Türkiye İstatistik Kurumu (TÜİK), 2024 yılına ait “Ölüm ve Ölüm Nedeni İstatistikleri”ni kamuoyuyla paylaştı. Açıklanan verilere göre, Van’da ölüm oranı Türkiye genelinde en düşük illerden biri olmasına rağmen, en fazla ölüm dolaşım sistemi hastalıklarından kaynaklandı. Tümör kaynaklı ölümlerin oranındaki artış ise dikkat çekti.
TÜİK verilerine göre Türkiye genelinde ölüm sayısı 2023 yılında 526 bin 416 iken 2024 yılında 489 bin 361’e geriledi. Ölen kişilerin yüzde 54,8’ini erkekler, yüzde 45,2’sini ise kadınlar oluşturdu.
Van'da Dolaşım Sistemi Hastalıkları İlk Sırada
Van ili, kaba ölüm hızında binde 2,9 oranıyla Hakkari ve Şırnak’ın ardından en düşük ölüm oranına sahip üçüncü il oldu. Ancak ölüm nedenlerine bakıldığında, dolaşım sistemi hastalıkları yüzde 29,9 ile ilk sırada yer aldı. Türkiye genelinde bu hastalıklara bağlı ölüm oranında en düşük ikinci il olan Van’da, bu oran ciddi bir halk sağlığı sorununa işaret ediyor.
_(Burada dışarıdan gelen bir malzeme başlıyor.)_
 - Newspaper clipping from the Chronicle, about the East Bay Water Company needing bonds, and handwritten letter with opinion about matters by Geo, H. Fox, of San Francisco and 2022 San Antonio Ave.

Dolaşım sistemi hastalıklarından ölümlerde en büyük payı ise yüzde 42,9 ile iskemik kalp hastalıkları aldı. Onu diğer kalp hastalıkları ve beyin damar hastalıkları (serebro-vasküler hastalıklar) izledi.
Tümör Kaynaklı Ölümlerde Dördüncü Sırada
Van’da dikkat çeken bir diğer ölüm nedeni ise tümörler oldu. TÜİK verilerine göre, iyi ve kötü huylu tümörlerden kaynaklı ölümler yüzde 20,3 oranla kaydedildi. Bu oran Van’ı Türkiye genelinde tümör kaynaklı ölüm oranı en yüksek dördüncü il konumuna taşıdı.
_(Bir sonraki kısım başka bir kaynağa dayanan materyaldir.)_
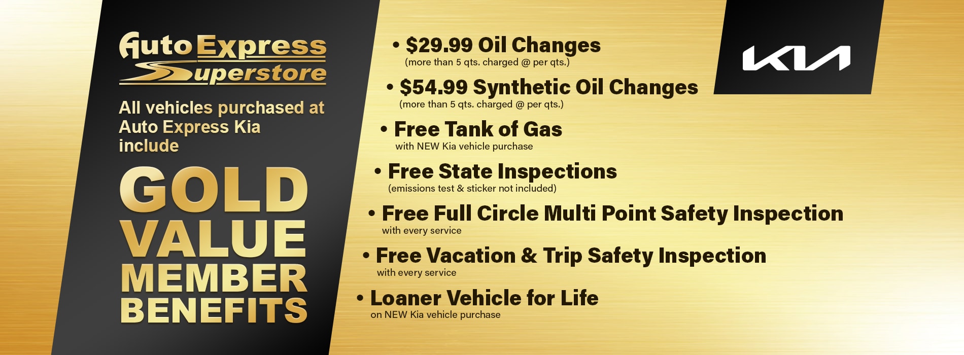 $24.99 oil change with your Auto Express Kia Gold Rewards Card!!!

En fazla görülen tümör türlerinin başında gırtlak, soluk borusu, bronş ve akciğer kanserleri geldi.
Bebek ve Çocuk Ölümlerinde Düşüş
Veriler bebek ve çocuk ölümlerinde ise olumlu bir tabloya işaret etti. 2023 yılında binde 10,1 olan bebek ölüm hızı, 2024 yılında binde 9,0’a geriledi. Beş yaş altı çocuk ölüm hızı ise binde 11,1 olarak belirlendi.
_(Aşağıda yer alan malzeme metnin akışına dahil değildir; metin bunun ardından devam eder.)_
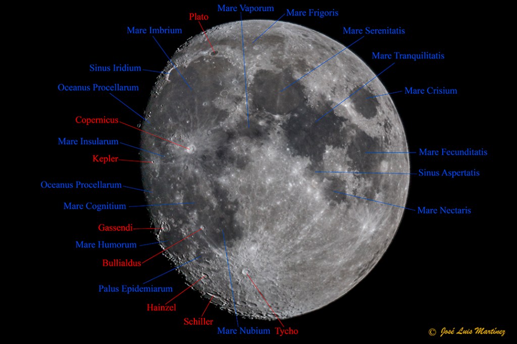 A pesar de que es el peor momento para observar cráteres, algunos se pueden apreciar y, eso sí, todos los mare.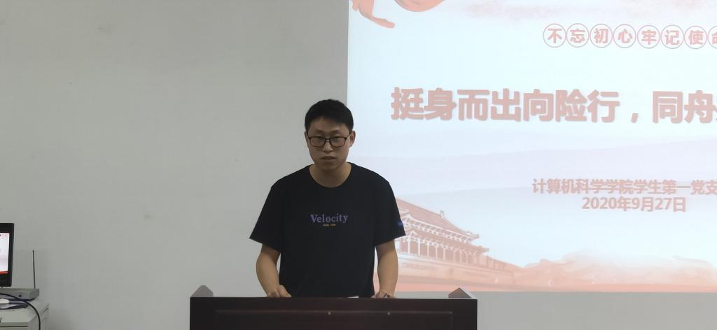 为贯彻落实《中共必赢优惠y272net委员会迎接建党100周年行动方案》文件精神,深刻认识伟大抗疫精神的重要意义,凝聚和激发学生党员团结一心、共圆伟大中国梦的强大正能量,必赢官网学生第一党支部于9月27日晚19:30在文津楼3412报告厅举行了“挺身而出向险行,同舟共济报家国”主题学习活动。本次活动由支部书记陈应权同志主持,支部全体成员参加。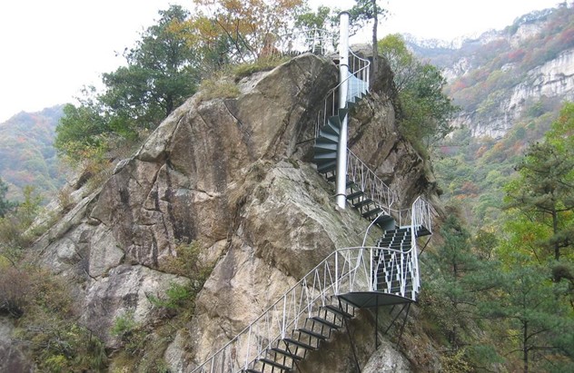 龍峪灣有紅幢溝、黑龍谷、青石峽、磨子壕、八間凹 、牛角窯、羚羊巢、斷山壕等幽谷20余條。云山廝磨,幽遠(yuǎn)深邃,青嶂連空,極目無(wú)際。仰觀天象,煙嵐騰騰,如置身云海;俯瞰谷底,一線茫茫,覺(jué)怵目驚心。谷旁、澗邊多有怪石嶙峋,如人似獸,千姿百態(tài)。如“垂釣石”,站立河中,平面光潔,狀如臺(tái)桌,登其上可小憩觀瀑,著棋垂釣。距其 1米處,河中心有一層次分明的天然石塔,上臥石鳥(niǎo),引頸望水,似觀魚(yú)蝦遨游,名“鸞鳥(niǎo)觀魚(yú)塔”。落葉松林盡頭,山門(mén)開(kāi)處,怪石直矗,上坐彌勒,閉目合十,面壁入定,稱(chēng)為“彌佛坐禪”。還有龍爪石、累卵石臥牛石、蒼鷹石、伏虎石、蛤蟆石、天柱石等皆以其形象而命名。

Sağlık Politikalarına Çağrı
Uzmanlar, özellikle dolaşım sistemi hastalıkları ve kanser türleriyle mücadelede erken teşhis, düzenli sağlık kontrolleri ve yaşam tarzı değişikliklerinin hayati önemde olduğunu vurguluyor. Veriler, Van’da bu hastalıklara karşı sağlık politikalarının güçlendirilmesi gerektiğini bir kez daha ortaya koydu.